On 6/28/05, Vadiraj <vadiraj.cs@gmail.com> wrote:
> Hi List,
> 
>  I'm confused with the behavior of this program..
> 
> func4()
> {
>     return 3;
> }
> func3()
> {
>     return 2;
> }
> func2()
> {
> }
> 
> func1()
> {
>     return(func2()?func3():func4()) ;
> }
> int main()
> {
> 
>      printf("%d\n",func1() ) ;                       // this prints 3
>      printf("%d\n",func2()?func3():func4()) ;  // this prints 2
> }
> 
>  I dont understand whats making the two statements to behave differently.

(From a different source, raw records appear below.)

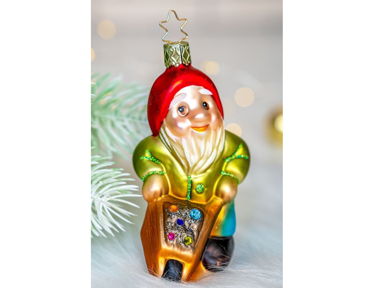 А вот встречайте бодрого и симпатичного гнома - он к вам прямиком из сказочной шахты, прикатил целую тачку отборных самоцветов! Вам их надолго хватит, а если не хватит - он ещё найдёт, хоть десять таких тачек доставит прямо на дом - готовьте сундуки, до побольше! Ну, а пока он с удовольствием передохнёт и отпразднует с вами наступление Нового года - он дюже любит хорошую компанию и весёлое застолье!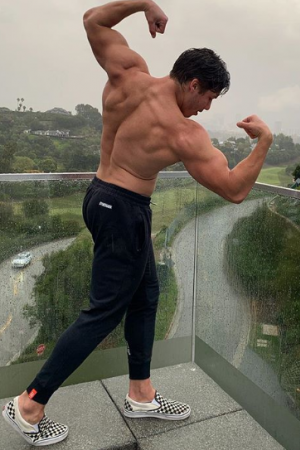 У своєму мікроблозі в соціальній мережі Джозеф виставив напоказ мускулисте тіло. У спортивних штанях і чорно-білих мокасинах син Арні позував на власному балконі на тлі мальовничого пейзажу Лос-Анджелеса.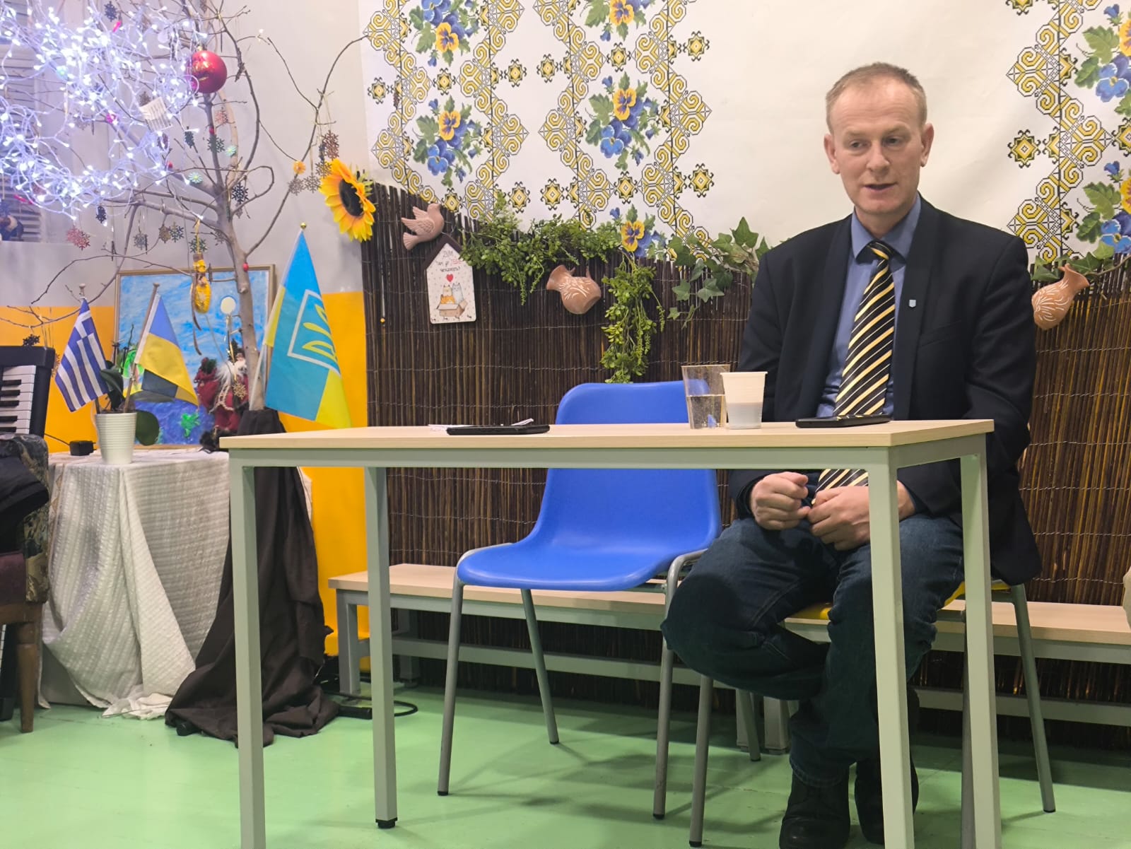 - και ο διευθυντής του 50ού Δημοτικού Σχολείου Αθηνών, κ. Βανγγέλης Μώκος, ο οποίος με θέρμη συνεργάζεται με το ουκρανικό σχολείο εδώ και πολλά χρόνια.

I am not able to recreate this behaviour, since both printf()s give
"2" on my console and this is exactly what I expected to take place. 
Just take a look at our discussion about implicit return values on
int- and void-valued functions a week or two ago.  If no return value
is given explicitly it is undefined and in most cases not zero,
therfore not yielding false.  It's chosen randomly.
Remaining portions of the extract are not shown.